The sparkline at right summarizes the general shape of the data completeness and points out the rows with the maximum and minimum nullity in the dataset.

This visualization will comfortably accommodate up to 50 labelled variables. Past that range labels begin to overlap or become unreadable, and by default large displays omit them.

If you are working with time-series data, you can specify a periodicity using the freq keyword parameter:

>>> null_pattern = (np.random.random(1000).reshape((50, 20)) > 0.5).astype(bool)
>>> null_pattern = pd.DataFrame(null_pattern).replace({False: None})
>>> msno.matrix(null_pattern.set_index(pd.period_range('1/1/2011', '2/1/2015', freq='M')) , freq='BQ')

alt text

Bar Chart

msno.bar is a simple visualization of nullity by column:

>>> msno.bar(collisions.sample(1000))

alt text

You can switch to a logarithmic scale by specifying log=True. bar provides the same information as matrix, but in a simpler format.

Heatmap

The missingno correlation heatmap measures nullity correlation: how strongly the presence or absence of one variable affects the presence of another:

>>> msno.heatmap(collisions)

alt text

In this example, it seems that reports which are filed with an OFF STREET NAME variable are less likely to have complete geographic data.

Nullity correlation ranges from -1 (if one variable appears the other definitely does not) to 0 (variables appearing or not appearing have no effect on one another) to 1 (if one variable appears the other definitely also does).

Variables that are always full or always empty have no meaningful correlation, and so are silently removed from the visualization—in this case for instance the datetime and injury number columns, which are completely filled, are not included.

Entries marked <1 or >-1 have a correlation that is close to being exactingly negative or positive, but is still not quite perfectly so.
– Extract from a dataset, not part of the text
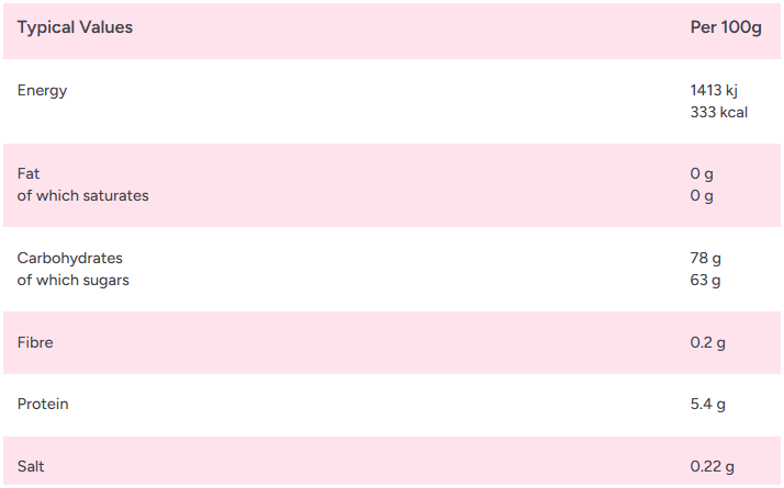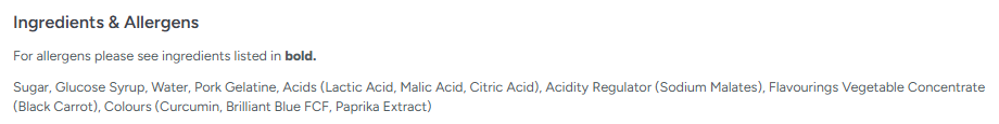 Sugar, Glucose Syrup, Water, Pork Gelatine, Acids (Lactic Acid, Malic Acid, Citric Acid), Acidity Regulator (Sodium Malates), Flavourings Vegetable Concentrate (Black Carrot), Colours (Curcumin, Brilliant Blue FCF, Paprika Extract)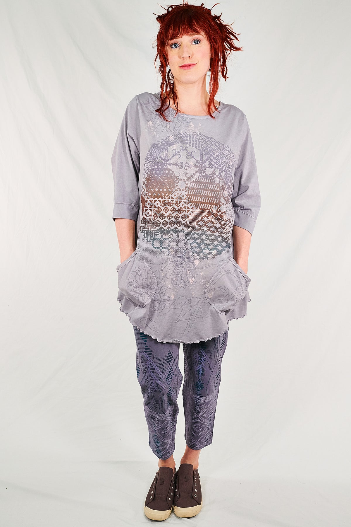We adore this sweet top: It is the perfect blend of elegance, art, & practicality. Imagine wearing this to lunch at a cafe, on a stroll through town on a picturesque spring day, or even gardening or painting (hello, pockets!). Printing on the front from our Iowa studio is so dreamy that you’ll want to wear this every day.

This points to a small number of records in the dataset which are erroneous. For example, in this dataset the correlation between VEHICLE CODE TYPE 3 and CONTRIBUTING FACTOR VEHICLE 3 is <1, indicating that, contrary to our expectation, there are a few records which have one or the other, but not both. These cases will require special attention.
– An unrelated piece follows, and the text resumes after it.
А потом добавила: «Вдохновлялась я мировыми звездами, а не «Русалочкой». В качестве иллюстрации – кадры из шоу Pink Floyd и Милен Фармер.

The heatmap works great for picking out data completeness relationships between variable pairs, but its explanatory power is limited when it comes to larger relationships and it has no particular support for extremely large datasets.

Dendrogram

The dendrogram allows you to more fully correlate variable completion, revealing trends deeper than the pairwise ones visible in the correlation heatmap:

>>> msno.dendrogram(collisions)

alt text

The dendrogram uses a hierarchical clustering algorithm (courtesy of scipy) to bin variables against one another by their nullity correlation (measured in terms of binary distance). At each step of the tree the variables are split up based on which combination minimizes the distance of the remaining clusters. The more monotone the set of variables, the closer their total distance is to zero, and the closer their average distance (the y-axis) is to zero.

To interpret this graph, read it from a top-down perspective. Cluster leaves which linked together at a distance of zero fully predict one another's presence—one variable might always be empty when another is filled, or they might always both be filled or both empty, and so on. In this specific example the dendrogram glues together the variables which are required and therefore present in every record.
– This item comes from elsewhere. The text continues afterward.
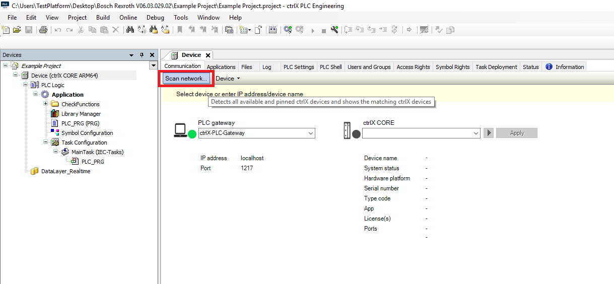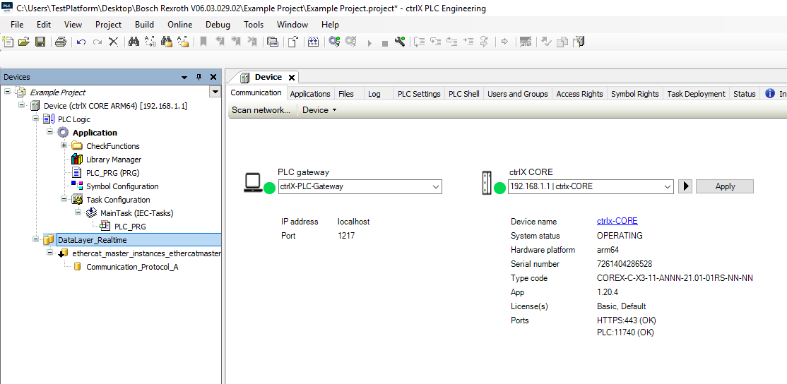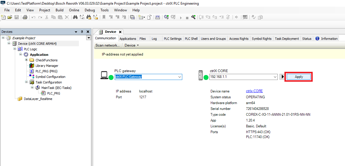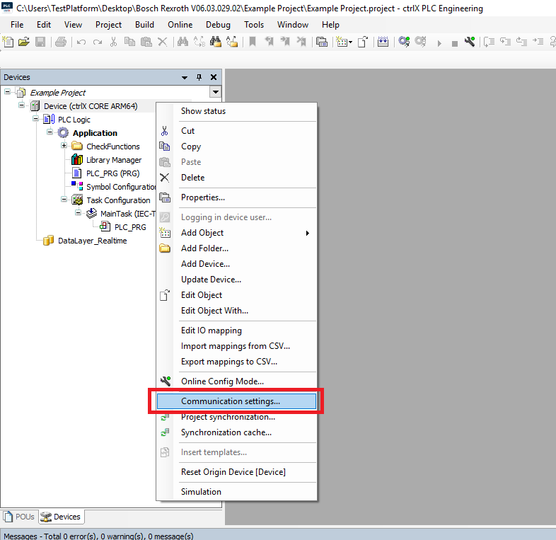 Step 12: Then in the PLC project right click the ctrlX CORE and click Communication settings
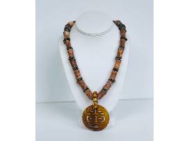 If it's not the right weather for a scarf, layer on a brown beaded pendant necklace from Arizona artist/jeweler Jo Whitten. This stunning piece features a Jade medallion.

Cluster leaves which split close to zero, but not at it, predict one another very well, but still imperfectly. If your own interpretation of the dataset is that these columns actually are or ought to be match each other in nullity (for example, as CONTRIBUTING FACTOR VEHICLE 2 and VEHICLE TYPE CODE 2 ought to), then the height of the cluster leaf tells you, in absolute terms, how often the records are "mismatched" or incorrectly filed—that is, how many values you would have to fill in or drop, if you are so inclined.

As with matrix, only up to 50 labeled columns will comfortably display in this configuration. However the dendrogram more elegantly handles extremely large datasets by simply flipping to a horizontal configuration.

Configuration

For more advanced configuration details for your plots, refer to the CONFIGURATION.md file in this repository.

Contributing

For thoughts on features or bug reports see Issues. If you're interested in contributing to this library, see details on doing so in the CONTRIBUTING.md file in this repository.

Citation

You may cite this package using the following format (via this paper):

Bilogur, (2018). Missingno: a missing data visualization suite. Journal of Open Source Software, 3(22), 547, https://doi.org/10.21105/joss.00547

Comments
  • Histogram of data completeness by column

    Histogram of data completeness by column

    First, great package!

    The data completeness shows the completeness of the data over rows, I'm requesting a way to show the data completeness over the columns. Maybe a sparkline/histogram below the bottom row?

    ]

    enhancement 
    opened by jbwhit 9
  • Introduce orientation to bar plot

    Introduce orientation to bar plot

    The dendrogram has an option to change the orientation from top-down to left-right. This is convenient when having a large amount of columns. The bar plot misses this option. To make the bar plot effective for large numbers of columns, it should have a similar behaviour.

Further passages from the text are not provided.